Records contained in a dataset
· · · · ·
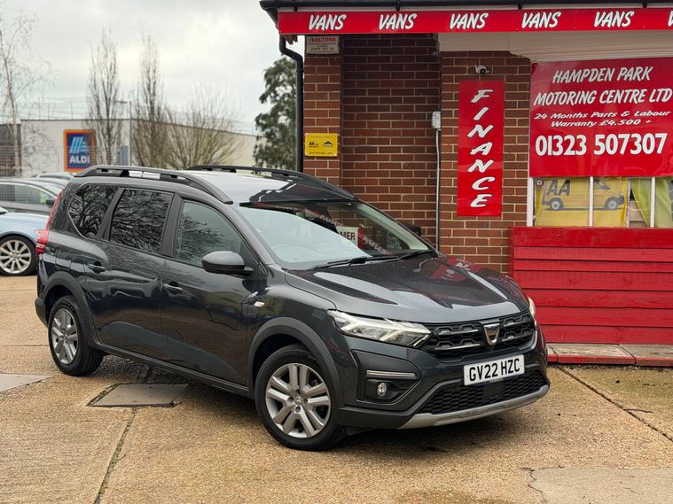 **24 MONTHS PARTS & LABOUR PEACE OF MIND NATIONAL WARRANTY INCLUDED IN THE PRICE**Hampden Park Motoring Centre is pleased to be offering this ULEZ compliant 2022 Dacia Jogger 1.0 TCe Comfort MPVfor sale, with ONLY ONE OWNER FROM NEW and 31, 600 miles. This car comes with COMPREHENSIVE SERVICE HISTORY. The car will leave with an interim service, a new MOT and a PDI. Finished in Slate grey with dark grey comfort trim.Part crossover and part MPV, Dacia's new model has a versatile interior that can be set to carry the family or stripped out to make a sort-of van. It's brilliantly functional and great value.Everything is manually operated - seats included - but it feels tough and well put together. Sure, there are exposed bits of metal where higher-spec cars would have trim covers, but the Jogger is lighter for it., It's hones, it's brill.The turbocharged 1.0-litre engine is a lot punchier than you'd expect, the six-speed manual gearbox is tight and easy to use, and the steering is fingertip-light. In fact, all control weighting is light, and the ride is squidgy. Add in brilliantly comfy seats, and you could munch miles in a Jogger, no problem.Practicality is the Jogger's strongest point. It's a proper seven-seater, with a back pair of chairs that are just about big enough for adults but are clearly intended for kids. Take them out (they can be fully removed with the press of a couple of releases) and you have yourself a five-seater with an SUV-sized boot. Fold down the middle bench and you have a van-like load space. Oh, and those roof racks are standard-fitment, plus the Jogger can tow a braked trailer of 1, 200kg.**WHY BUYFROM US****Established In 1980****24 Month Warranty OnAll Cars Over £4500, &Those Not Covered By A Manufactures Warranty****All Our Cars AreHpi ClearSo You Can Buy WithConfidence****Competitive FinanceRates Subject To Status****Multi Branches****Open 7 Days a Week Inc Bank Holidays****Monday - Friday - 8.30amto 6pm****Saturday - 9.00am to 5pm****Sunday - 10am to 4pm****Bank holidays 10am to 4pm**For more pictures and a walk around videopleasego to https:/ dealer's website call to arrange viewing and a test drive on 01323300238.Here at Hampden Park Motoring Centre, we have up to 50 carson show, also at our Hailsham branch we have up to 50 further cars available for viewing, please call 01323300238 for more info.For more information on our Jogger please see the benefits below as stated,
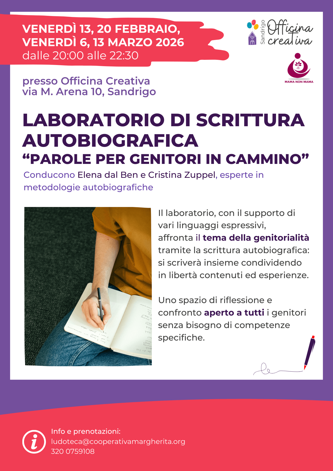Sei un genitore e vuoi prenderti del tempo per riflettere sulla tua esperienza, confrontarti con altri adulti e mettere su carta pensieri ed emozioni? Il laboratorio “Parole per genitori in cammino” ti offre proprio questo: uno spazio creativo dove esplorare la genitorialità attraverso la scrittura autobiografica e altri linguaggi espressivi.
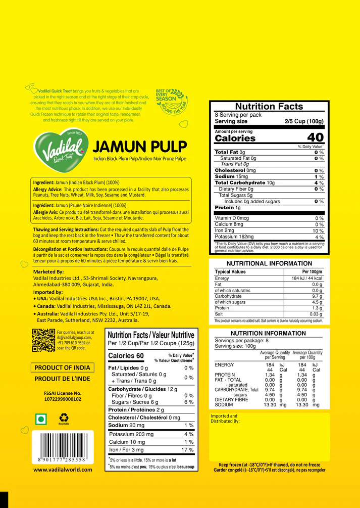Our premium Jamun Pulp is made from ripe, juicy jamuns, delivering a rich and refreshing flavor in every spoonful. Ideal for making beverages, fruit salads, desserts, and jams, this versatile pulp brings a delightful burst of natural sweetness and tang to your culinary creations.
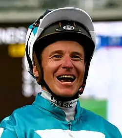 James McDonald (born 6 January 1992) is a New Zealand thoroughbred racing jockey and member of the New Zealand Racing Hall of Fame. On 2 November 2021, McDonald rode the winning horse Verry Elleegant in the 2021 Melbourne Cup.[1] He has been awarded the World Jockey of the Year in 2021 and 2024 in the TRC Global Rankings.[2]
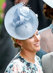 Zara Tindall’s pale blue saucer with flowers and twists by Juliette Botterill worn on Day 1
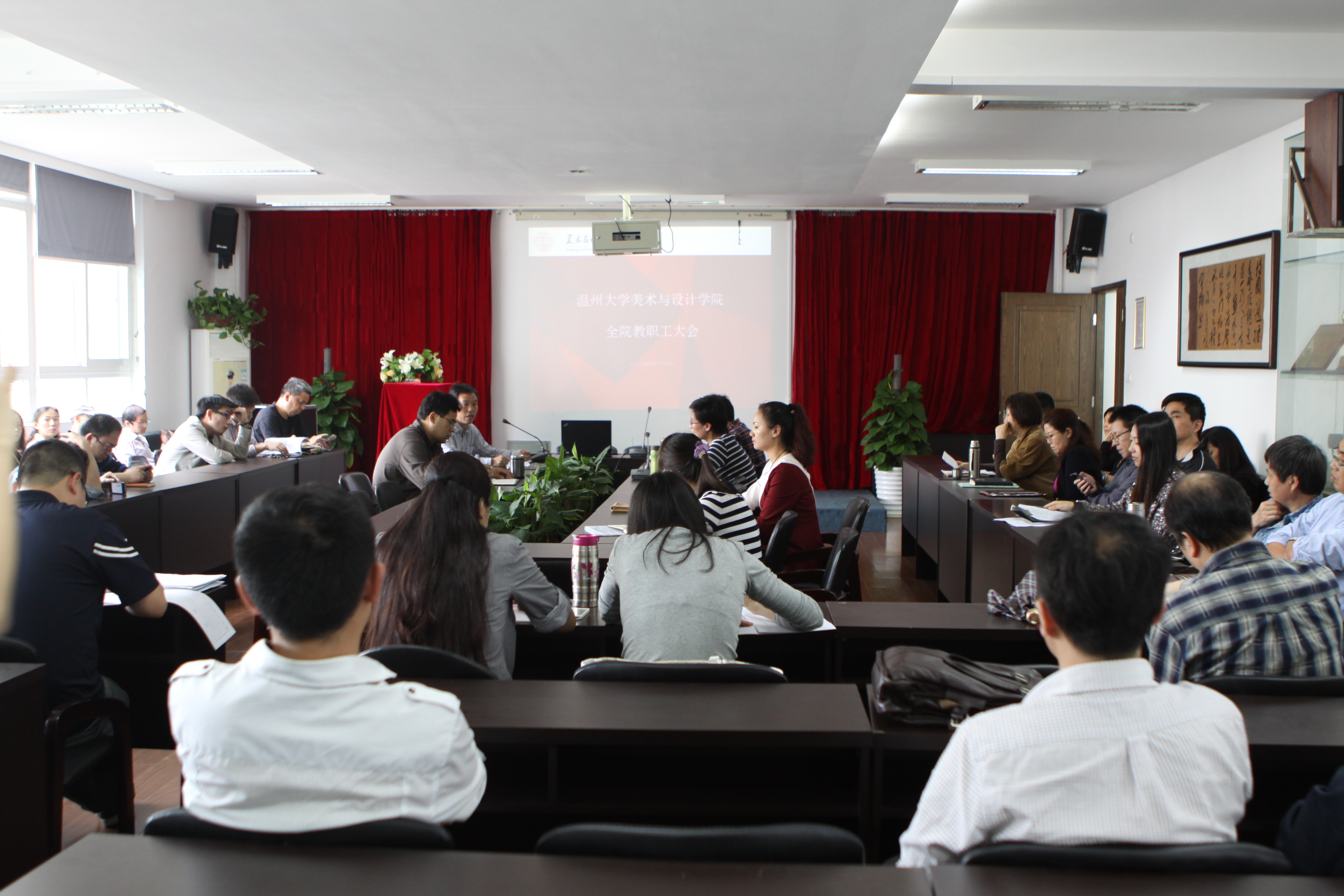 5月14日下午,我院学期中全院教职工大会在2B4001多功能厅举行,院领导李运河、郑彩莲、蔡可群、杨振海及全体教职工出席。院党总支书记郑彩莲主持会议。 会上,蔡可群副院长首先就即将开展的毕业作品展、服装动态秀做了具体工作安排;对各专业人才培养方案修订做了说明,强调要加强对实验室的安全管理工作。杨振海副书记就往届毕业生就业调查、2014届毕业生就业工作及“大艺展”作品收集等工作做了说明与强调。 李运河院长对全院前阶段工作做了总结讲话。李院长首先对学校领导的人事及分工变动做了通报,随后就学院的教学、科研、对外交流等工作做了统一部署。他要求:一要时刻关注学校政策变动,保持敏感度;二要“走出去,引过来”,通过学院交流、教师参展、学院办展等多渠道、多方式加强艺术交流,营造美院艺术氛围;三要将教学、科研有机融合、紧密联系,保持追求艺术理想的同时不断提高服务地方能力;四要专业带头人要在不断凝练专业特色的同时带领团队做出更好成绩。 郑彩莲书记作了总结强调。她指出当前要强调“抓制度”、“强能力”、“促发展”,切实做好学院各项工作。毕业生作品展要提高作品质量;毕业生就业工作要脚踏实地认真做好每一环节,以保证本届毕业生的就业率和下一届的招生工作顺利进行。 会后,学院胡文超、王业宏两位老师就自己在台湾大同大学和美国康奈尔大学的访学经历与在场教师做了精彩分享。校图书馆王希老师也为我院教师做了“提高资源利用、助力教学科研”的讲座。
· · · · ·
Your goal => Beginning with the line that contains "Zara Tindall’s pale" and ending with the last line of the data, transcribe each line exactly; pictures stay out.

Task response =>
 Zara Tindall’s pale blue saucer with flowers and twists by Juliette Botterill worn on Day 1
 5月14日下午,我院学期中全院教职工大会在2B4001多功能厅举行,院领导李运河、郑彩莲、蔡可群、杨振海及全体教职工出席。院党总支书记郑彩莲主持会议。 会上,蔡可群副院长首先就即将开展的毕业作品展、服装动态秀做了具体工作安排;对各专业人才培养方案修订做了说明,强调要加强对实验室的安全管理工作。杨振海副书记就往届毕业生就业调查、2014届毕业生就业工作及“大艺展”作品收集等工作做了说明与强调。 李运河院长对全院前阶段工作做了总结讲话。李院长首先对学校领导的人事及分工变动做了通报,随后就学院的教学、科研、对外交流等工作做了统一部署。他要求:一要时刻关注学校政策变动,保持敏感度;二要“走出去,引过来”,通过学院交流、教师参展、学院办展等多渠道、多方式加强艺术交流,营造美院艺术氛围;三要将教学、科研有机融合、紧密联系,保持追求艺术理想的同时不断提高服务地方能力;四要专业带头人要在不断凝练专业特色的同时带领团队做出更好成绩。 郑彩莲书记作了总结强调。她指出当前要强调“抓制度”、“强能力”、“促发展”,切实做好学院各项工作。毕业生作品展要提高作品质量;毕业生就业工作要脚踏实地认真做好每一环节,以保证本届毕业生的就业率和下一届的招生工作顺利进行。 会后,学院胡文超、王业宏两位老师就自己在台湾大同大学和美国康奈尔大学的访学经历与在场教师做了精彩分享。校图书馆王希老师也为我院教师做了“提高资源利用、助力教学科研”的讲座。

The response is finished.